[Provided entries — start]

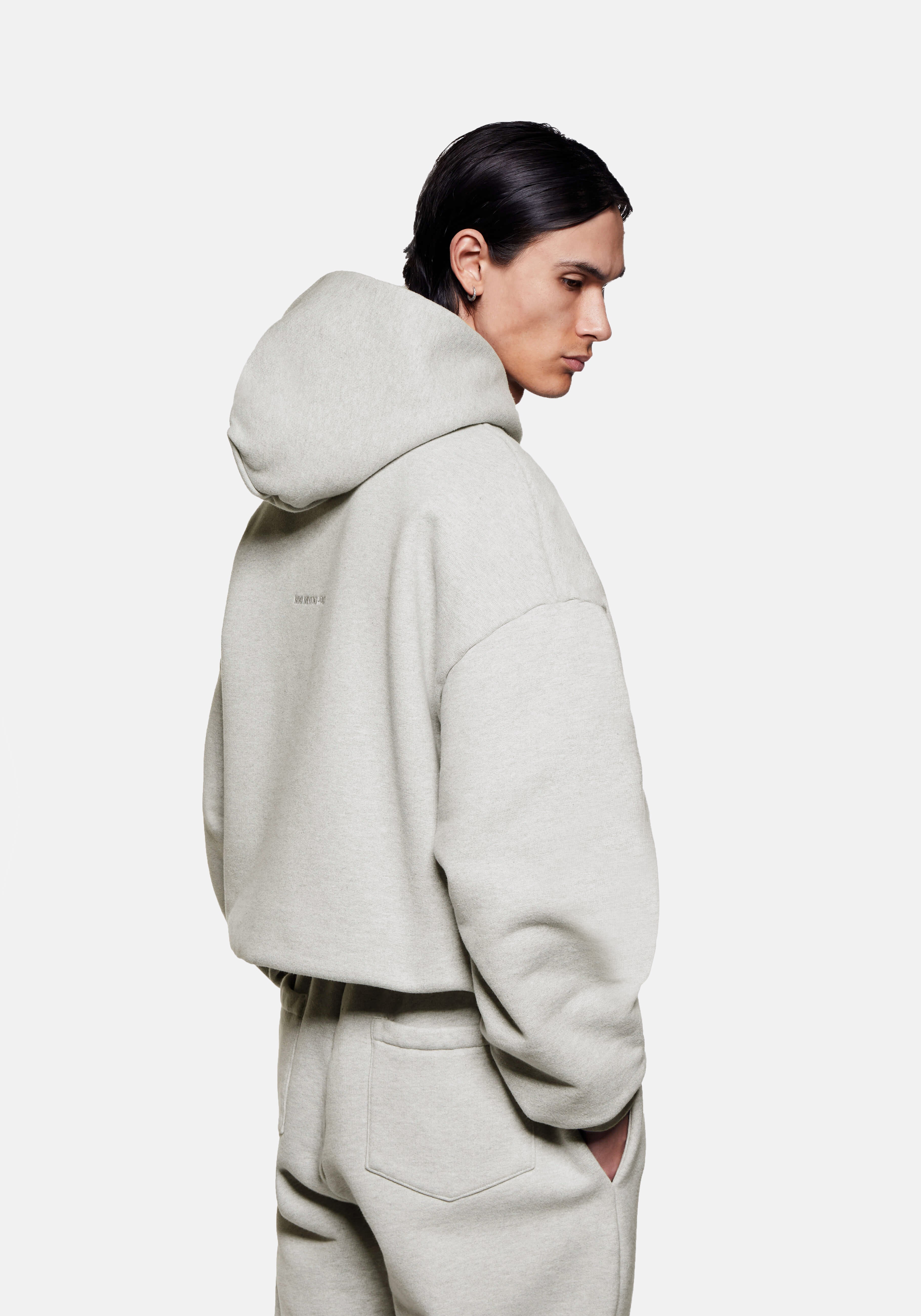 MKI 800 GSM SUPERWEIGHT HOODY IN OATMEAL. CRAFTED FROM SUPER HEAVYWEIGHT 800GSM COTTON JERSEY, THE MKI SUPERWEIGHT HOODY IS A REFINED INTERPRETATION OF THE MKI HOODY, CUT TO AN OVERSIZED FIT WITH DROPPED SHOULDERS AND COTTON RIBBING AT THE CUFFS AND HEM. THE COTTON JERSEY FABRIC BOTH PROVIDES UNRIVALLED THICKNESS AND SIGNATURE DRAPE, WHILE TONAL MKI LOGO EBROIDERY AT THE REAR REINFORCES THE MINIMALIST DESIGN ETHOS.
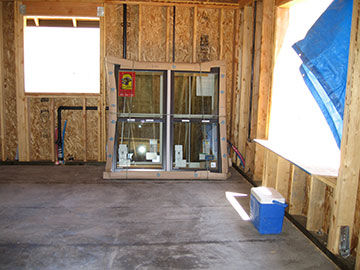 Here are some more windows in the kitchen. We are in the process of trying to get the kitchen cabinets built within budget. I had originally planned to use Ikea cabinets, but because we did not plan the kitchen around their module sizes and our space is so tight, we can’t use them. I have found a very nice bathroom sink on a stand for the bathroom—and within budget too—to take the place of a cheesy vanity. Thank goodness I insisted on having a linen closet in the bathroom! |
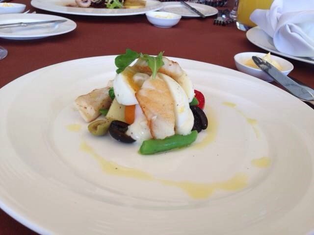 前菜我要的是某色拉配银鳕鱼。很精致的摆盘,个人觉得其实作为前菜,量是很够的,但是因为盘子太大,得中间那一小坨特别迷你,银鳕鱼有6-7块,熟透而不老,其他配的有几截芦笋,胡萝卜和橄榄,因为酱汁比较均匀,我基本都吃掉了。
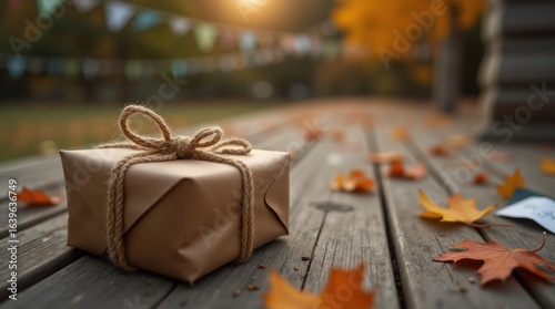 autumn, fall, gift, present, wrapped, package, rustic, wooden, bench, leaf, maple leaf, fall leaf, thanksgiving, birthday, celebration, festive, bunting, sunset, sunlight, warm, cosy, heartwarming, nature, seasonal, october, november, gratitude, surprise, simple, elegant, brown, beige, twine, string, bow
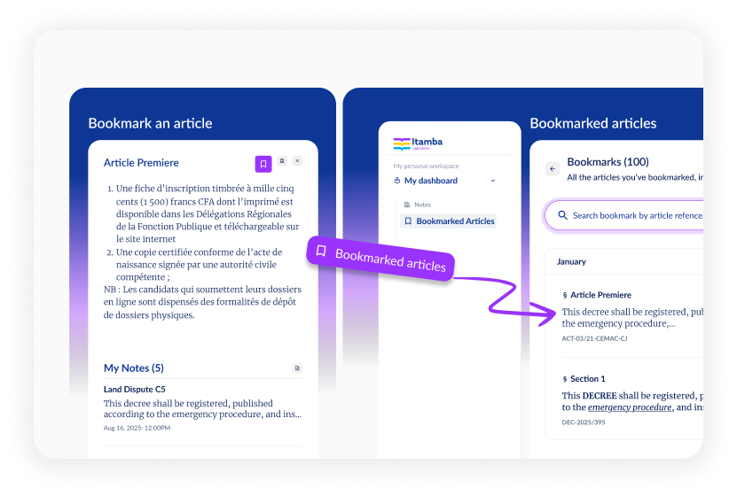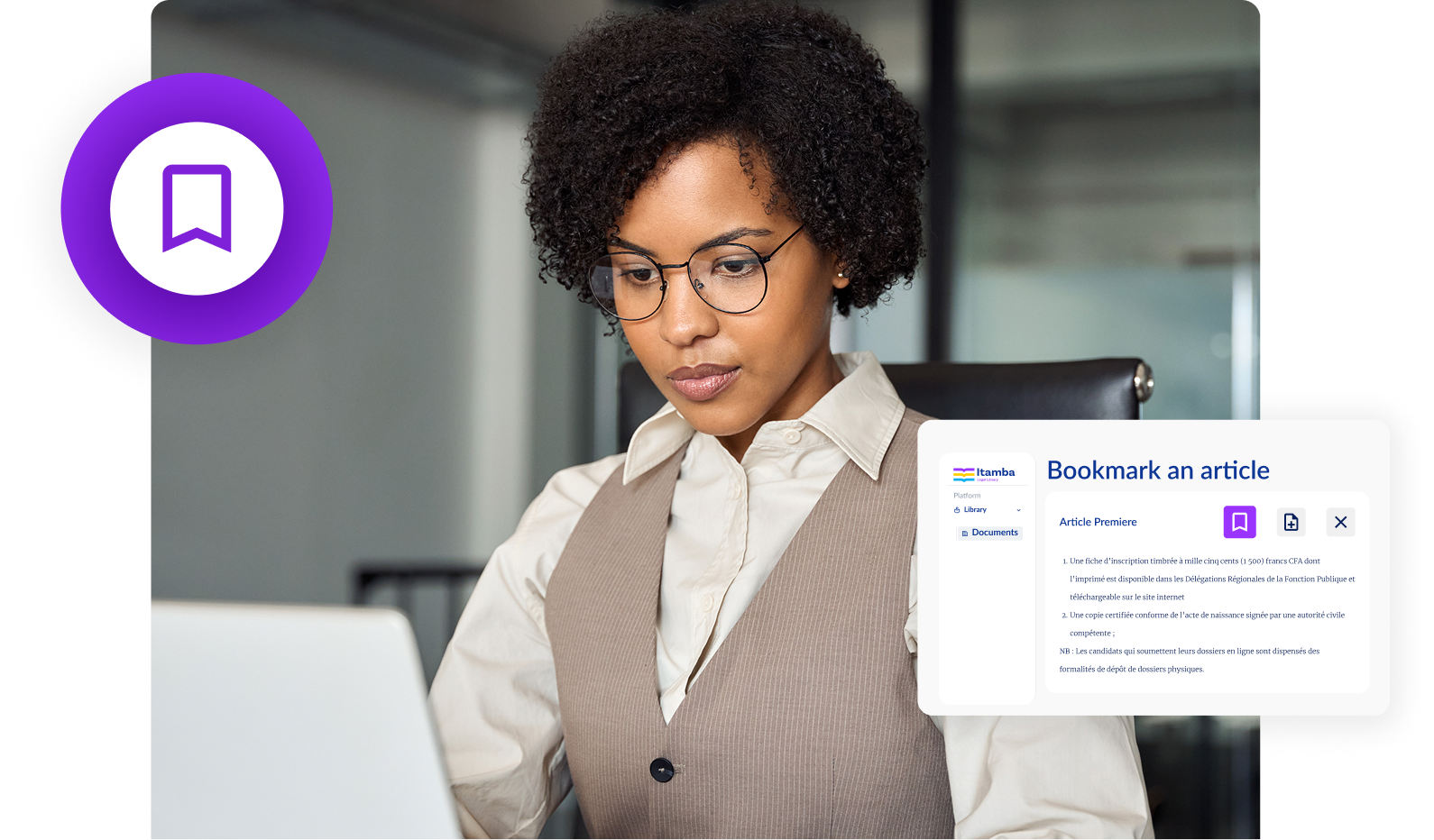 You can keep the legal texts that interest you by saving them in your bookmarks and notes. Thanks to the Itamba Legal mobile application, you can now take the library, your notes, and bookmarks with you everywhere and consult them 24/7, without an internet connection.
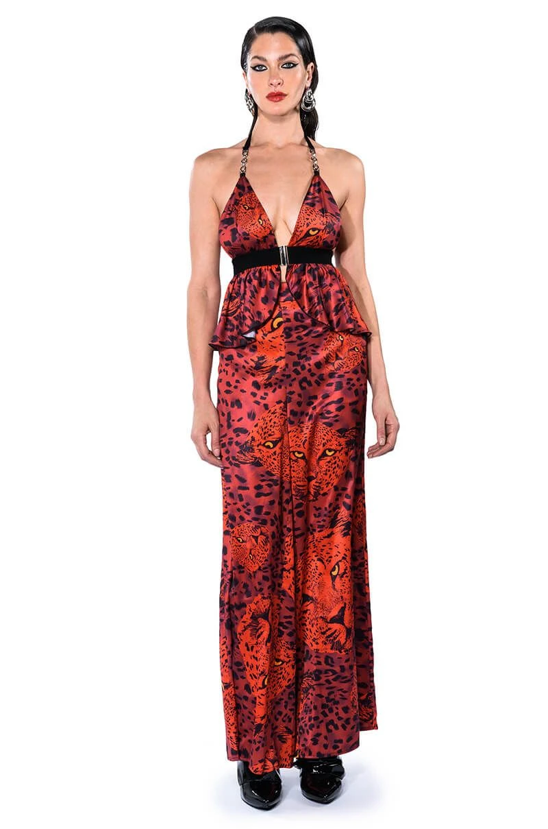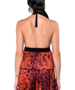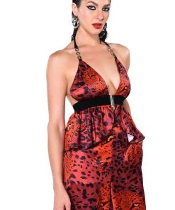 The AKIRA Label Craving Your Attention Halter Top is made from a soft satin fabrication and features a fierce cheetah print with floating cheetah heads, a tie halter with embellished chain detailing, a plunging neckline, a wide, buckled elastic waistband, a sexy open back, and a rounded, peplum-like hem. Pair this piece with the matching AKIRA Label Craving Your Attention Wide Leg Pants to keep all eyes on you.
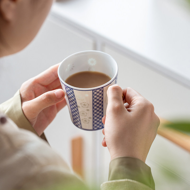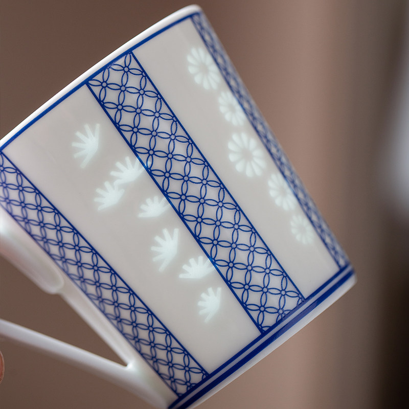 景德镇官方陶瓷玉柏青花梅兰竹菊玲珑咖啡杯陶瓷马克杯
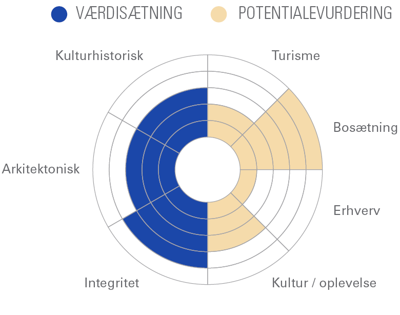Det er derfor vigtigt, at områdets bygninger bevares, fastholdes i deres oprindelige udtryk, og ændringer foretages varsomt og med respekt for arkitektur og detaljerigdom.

[Provided entries — finish]

## [What the task asks]
Every line of the records above should be copied exactly, while the pictures are left behind.

## [Worked solution]
 MKI 800 GSM SUPERWEIGHT HOODY IN OATMEAL. CRAFTED FROM SUPER HEAVYWEIGHT 800GSM COTTON JERSEY, THE MKI SUPERWEIGHT HOODY IS A REFINED INTERPRETATION OF THE MKI HOODY, CUT TO AN OVERSIZED FIT WITH DROPPED SHOULDERS AND COTTON RIBBING AT THE CUFFS AND HEM. THE COTTON JERSEY FABRIC BOTH PROVIDES UNRIVALLED THICKNESS AND SIGNATURE DRAPE, WHILE TONAL MKI LOGO EBROIDERY AT THE REAR REINFORCES THE MINIMALIST DESIGN ETHOS.
 Here are some more windows in the kitchen. We are in the process of trying to get the kitchen cabinets built within budget. I had originally planned to use Ikea cabinets, but because we did not plan the kitchen around their module sizes and our space is so tight, we can’t use them. I have found a very nice bathroom sink on a stand for the bathroom—and within budget too—to take the place of a cheesy vanity. Thank goodness I insisted on having a linen closet in the bathroom! |
 前菜我要的是某色拉配银鳕鱼。很精致的摆盘,个人觉得其实作为前菜,量是很够的,但是因为盘子太大,得中间那一小坨特别迷你,银鳕鱼有6-7块,熟透而不老,其他配的有几截芦笋,胡萝卜和橄榄,因为酱汁比较均匀,我基本都吃掉了。
 autumn, fall, gift, present, wrapped, package, rustic, wooden, bench, leaf, maple leaf, fall leaf, thanksgiving, birthday, celebration, festive, bunting, sunset, sunlight, warm, cosy, heartwarming, nature, seasonal, october, november, gratitude, surprise, simple, elegant, brown, beige, twine, string, bow
 You can keep the legal texts that interest you by saving them in your bookmarks and notes. Thanks to the Itamba Legal mobile application, you can now take the library, your notes, and bookmarks with you everywhere and consult them 24/7, without an internet connection.
 The AKIRA Label Craving Your Attention Halter Top is made from a soft satin fabrication and features a fierce cheetah print with floating cheetah heads, a tie halter with embellished chain detailing, a plunging neckline, a wide, buckled elastic waistband, a sexy open back, and a rounded, peplum-like hem. Pair this piece with the matching AKIRA Label Craving Your Attention Wide Leg Pants to keep all eyes on you.
 景德镇官方陶瓷玉柏青花梅兰竹菊玲珑咖啡杯陶瓷马克杯
Det er derfor vigtigt, at områdets bygninger bevares, fastholdes i deres oprindelige udtryk, og ændringer foretages varsomt og med respekt for arkitektur og detaljerigdom.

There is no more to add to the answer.